(GIVEN RECORDS):
###

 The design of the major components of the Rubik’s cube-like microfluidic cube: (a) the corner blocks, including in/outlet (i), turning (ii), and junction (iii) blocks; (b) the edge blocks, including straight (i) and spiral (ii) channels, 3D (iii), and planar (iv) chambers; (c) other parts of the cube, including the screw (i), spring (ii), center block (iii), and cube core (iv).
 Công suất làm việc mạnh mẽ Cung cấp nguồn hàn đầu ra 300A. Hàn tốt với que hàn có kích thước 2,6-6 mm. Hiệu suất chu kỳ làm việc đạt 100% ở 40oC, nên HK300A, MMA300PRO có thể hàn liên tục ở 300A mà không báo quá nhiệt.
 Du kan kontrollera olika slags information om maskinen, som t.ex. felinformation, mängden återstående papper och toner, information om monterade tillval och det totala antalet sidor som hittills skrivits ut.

###

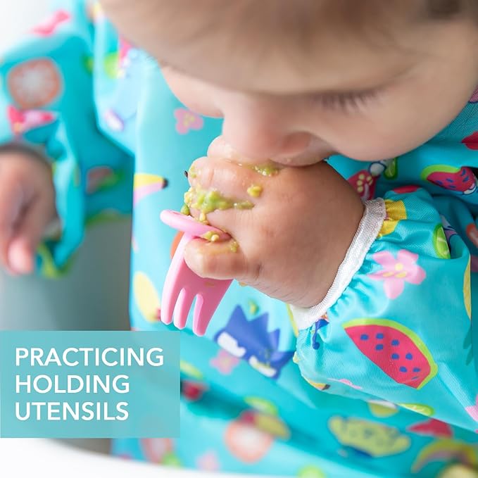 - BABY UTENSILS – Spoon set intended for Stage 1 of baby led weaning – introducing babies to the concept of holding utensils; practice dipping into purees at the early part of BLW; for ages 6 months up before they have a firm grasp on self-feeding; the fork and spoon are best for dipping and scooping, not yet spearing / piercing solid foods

###

All lines above between those holding "The design of" and "Công suất làm", inclusive, must be set down unchanged, and no other line may be included.

 The design of the major components of the Rubik’s cube-like microfluidic cube: (a) the corner blocks, including in/outlet (i), turning (ii), and junction (iii) blocks; (b) the edge blocks, including straight (i) and spiral (ii) channels, 3D (iii), and planar (iv) chambers; (c) other parts of the cube, including the screw (i), spring (ii), center block (iii), and cube core (iv).
 Công suất làm việc mạnh mẽ Cung cấp nguồn hàn đầu ra 300A. Hàn tốt với que hàn có kích thước 2,6-6 mm. Hiệu suất chu kỳ làm việc đạt 100% ở 40oC, nên HK300A, MMA300PRO có thể hàn liên tục ở 300A mà không báo quá nhiệt.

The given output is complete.